'''

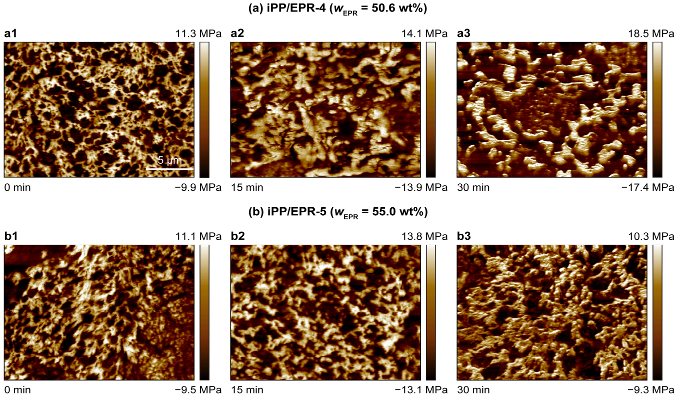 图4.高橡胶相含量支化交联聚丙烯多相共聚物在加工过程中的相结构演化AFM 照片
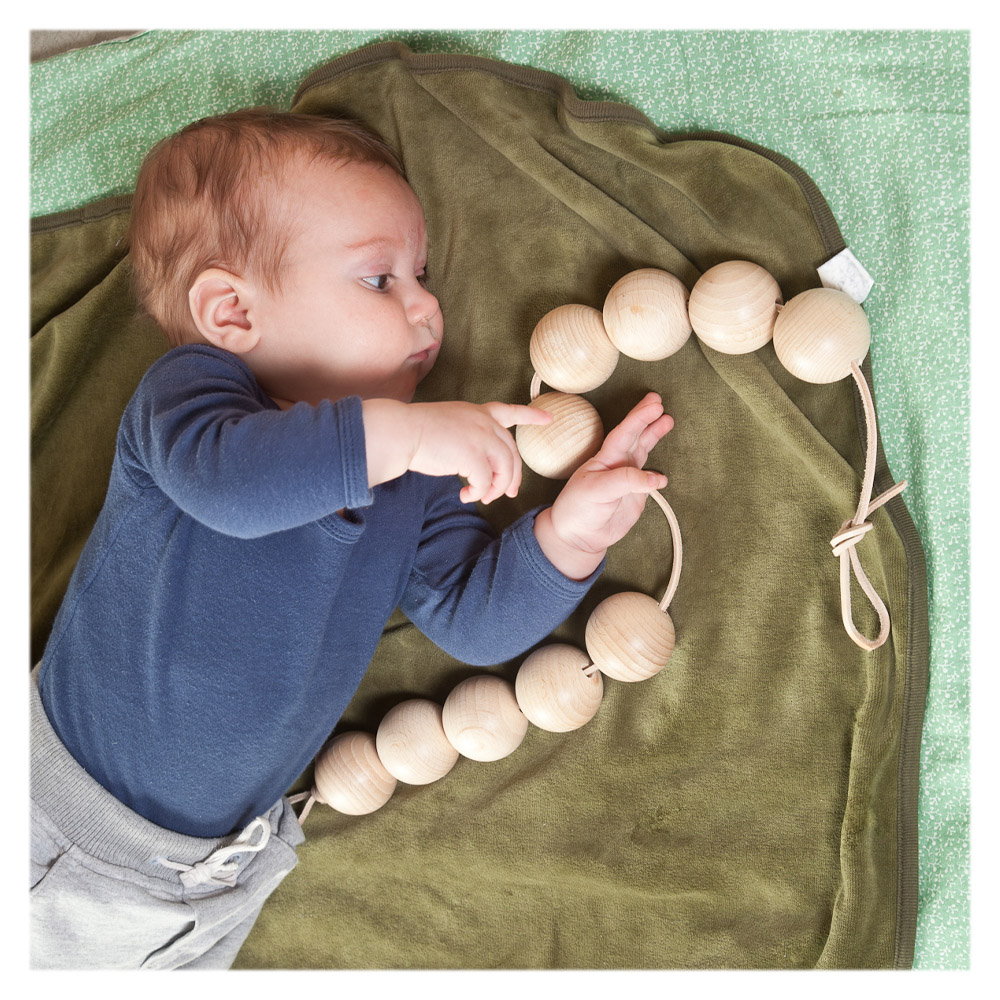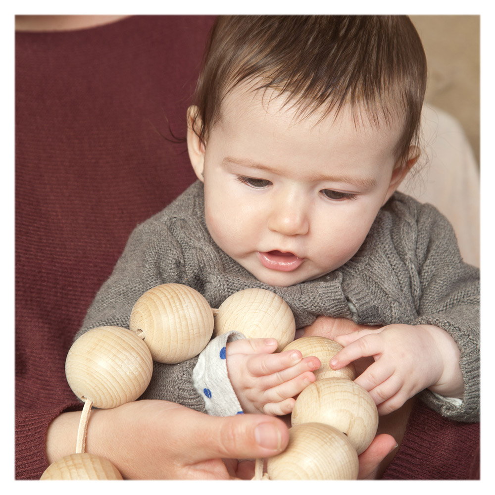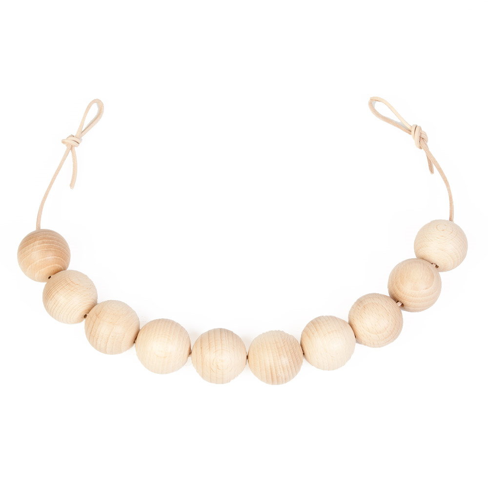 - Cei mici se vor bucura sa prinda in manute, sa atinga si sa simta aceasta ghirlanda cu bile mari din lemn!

'''
'''

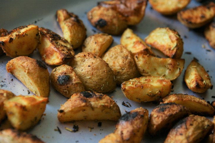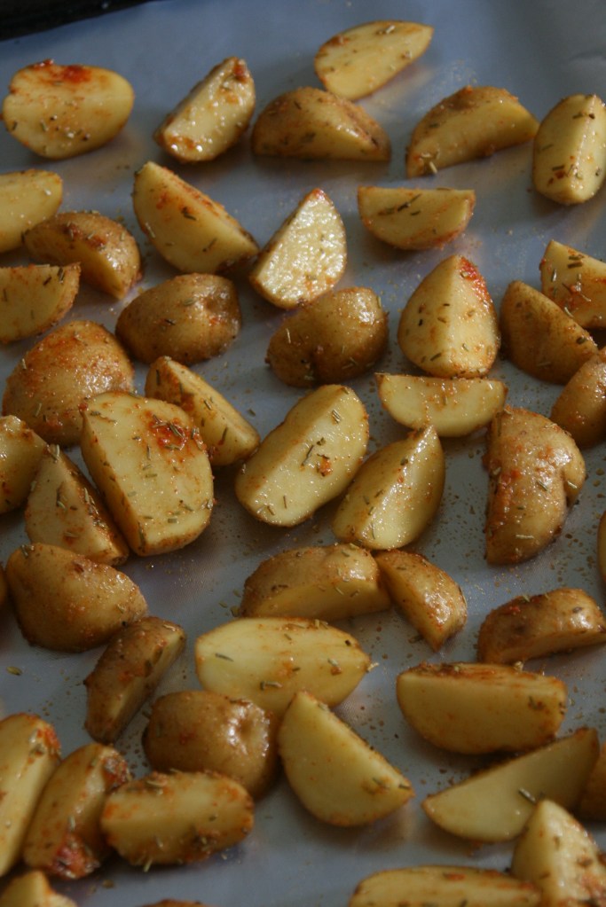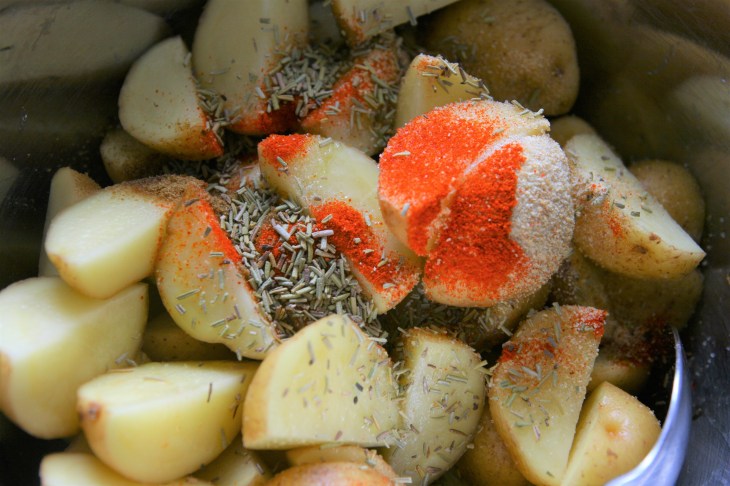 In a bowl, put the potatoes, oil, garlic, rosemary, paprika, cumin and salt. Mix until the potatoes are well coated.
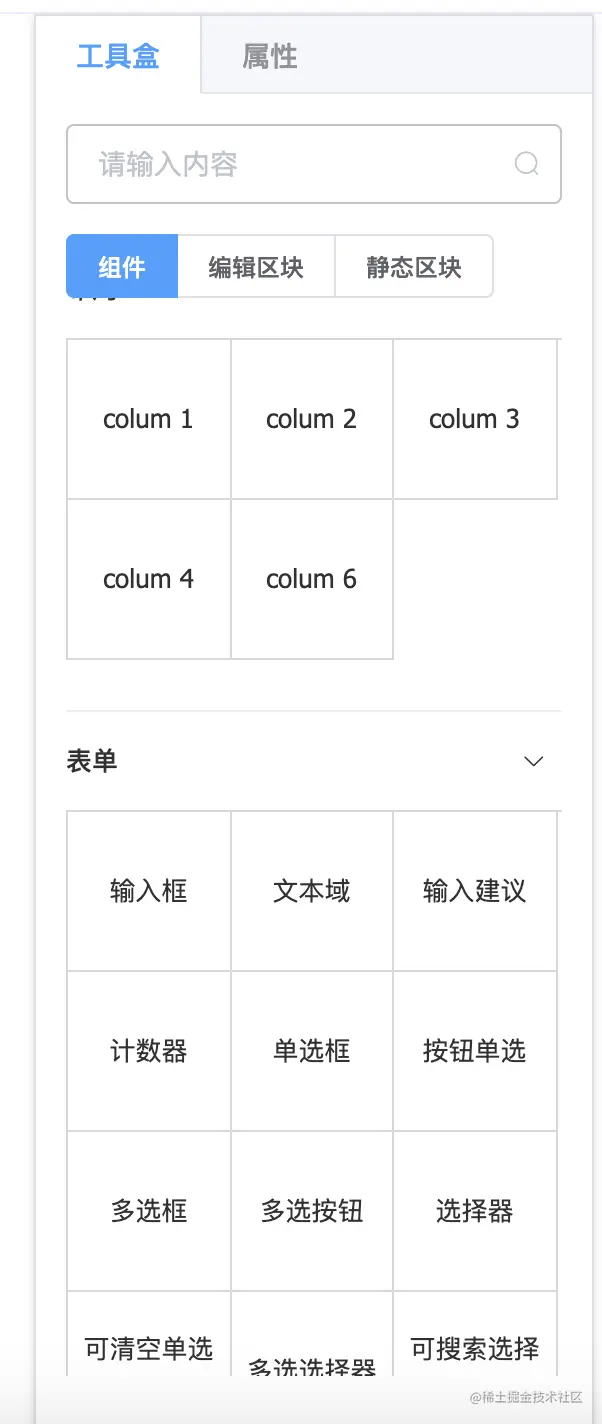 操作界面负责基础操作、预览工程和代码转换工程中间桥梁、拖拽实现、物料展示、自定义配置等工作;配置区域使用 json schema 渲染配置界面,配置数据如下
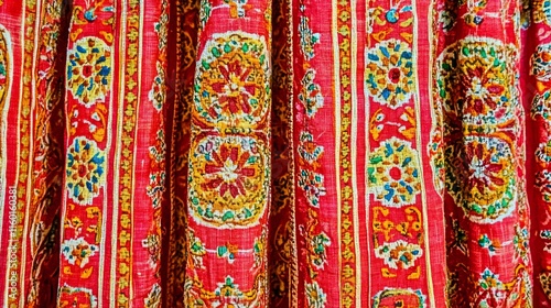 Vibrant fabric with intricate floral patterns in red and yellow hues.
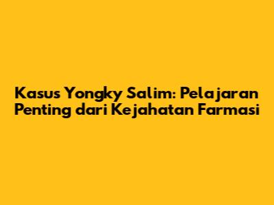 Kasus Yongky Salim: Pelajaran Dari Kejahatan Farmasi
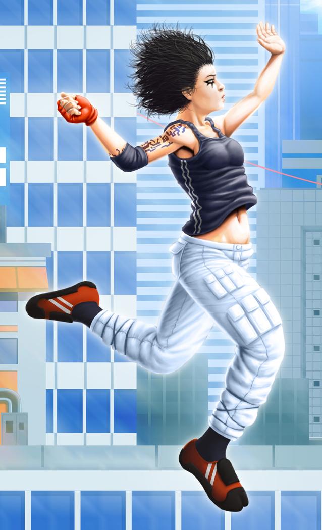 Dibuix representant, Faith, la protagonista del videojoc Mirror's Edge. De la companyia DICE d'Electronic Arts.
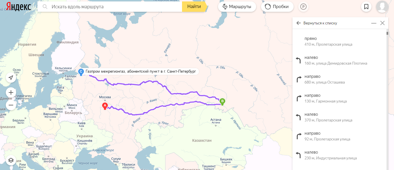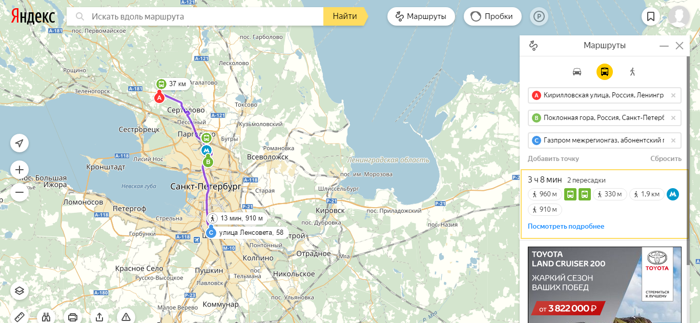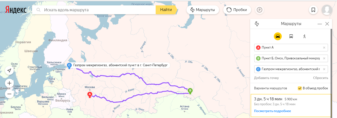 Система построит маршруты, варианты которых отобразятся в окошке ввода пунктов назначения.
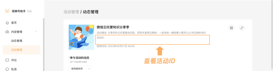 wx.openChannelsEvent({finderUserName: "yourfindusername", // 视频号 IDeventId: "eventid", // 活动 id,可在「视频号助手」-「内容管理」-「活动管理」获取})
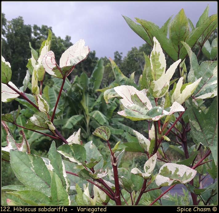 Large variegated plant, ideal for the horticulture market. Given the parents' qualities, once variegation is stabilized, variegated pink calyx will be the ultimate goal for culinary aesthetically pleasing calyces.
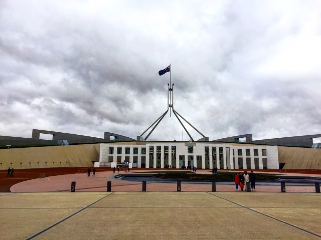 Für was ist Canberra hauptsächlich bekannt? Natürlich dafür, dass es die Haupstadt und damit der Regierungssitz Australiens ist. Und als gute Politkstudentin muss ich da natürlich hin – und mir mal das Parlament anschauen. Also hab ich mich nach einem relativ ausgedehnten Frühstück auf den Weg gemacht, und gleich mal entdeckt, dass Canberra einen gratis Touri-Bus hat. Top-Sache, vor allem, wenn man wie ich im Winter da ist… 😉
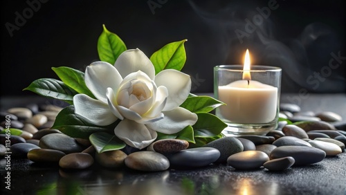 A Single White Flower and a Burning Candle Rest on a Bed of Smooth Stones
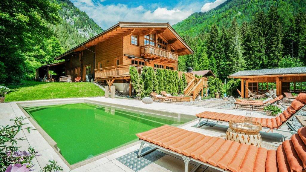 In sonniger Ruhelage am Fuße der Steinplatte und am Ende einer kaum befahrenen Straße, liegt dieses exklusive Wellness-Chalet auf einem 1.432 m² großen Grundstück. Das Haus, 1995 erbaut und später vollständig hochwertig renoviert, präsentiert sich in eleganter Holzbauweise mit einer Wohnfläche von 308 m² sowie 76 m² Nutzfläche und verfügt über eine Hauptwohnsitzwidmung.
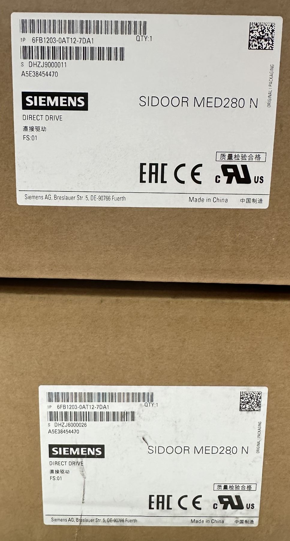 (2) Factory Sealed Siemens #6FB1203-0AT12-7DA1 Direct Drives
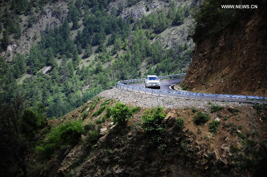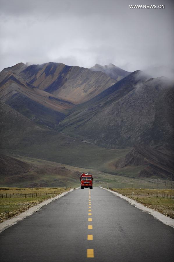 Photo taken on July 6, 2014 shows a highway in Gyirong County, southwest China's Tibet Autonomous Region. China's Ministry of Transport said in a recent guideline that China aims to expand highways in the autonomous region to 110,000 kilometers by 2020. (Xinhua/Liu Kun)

'''

From the data above, return only the lines starting at the line that holds "Dibuix representant, Faith, la" and ending at the line that holds "(2) Factory Sealed", word for word and without pictures.

 Dibuix representant, Faith, la protagonista del videojoc Mirror's Edge. De la companyia DICE d'Electronic Arts.
 Система построит маршруты, варианты которых отобразятся в окошке ввода пунктов назначения.
 wx.openChannelsEvent({finderUserName: "yourfindusername", // 视频号 IDeventId: "eventid", // 活动 id,可在「视频号助手」-「内容管理」-「活动管理」获取})
 Large variegated plant, ideal for the horticulture market. Given the parents' qualities, once variegation is stabilized, variegated pink calyx will be the ultimate goal for culinary aesthetically pleasing calyces.
 Für was ist Canberra hauptsächlich bekannt? Natürlich dafür, dass es die Haupstadt und damit der Regierungssitz Australiens ist. Und als gute Politkstudentin muss ich da natürlich hin – und mir mal das Parlament anschauen. Also hab ich mich nach einem relativ ausgedehnten Frühstück auf den Weg gemacht, und gleich mal entdeckt, dass Canberra einen gratis Touri-Bus hat. Top-Sache, vor allem, wenn man wie ich im Winter da ist… 😉
 A Single White Flower and a Burning Candle Rest on a Bed of Smooth Stones
 In sonniger Ruhelage am Fuße der Steinplatte und am Ende einer kaum befahrenen Straße, liegt dieses exklusive Wellness-Chalet auf einem 1.432 m² großen Grundstück. Das Haus, 1995 erbaut und später vollständig hochwertig renoviert, präsentiert sich in eleganter Holzbauweise mit einer Wohnfläche von 308 m² sowie 76 m² Nutzfläche und verfügt über eine Hauptwohnsitzwidmung.
 (2) Factory Sealed Siemens #6FB1203-0AT12-7DA1 Direct Drives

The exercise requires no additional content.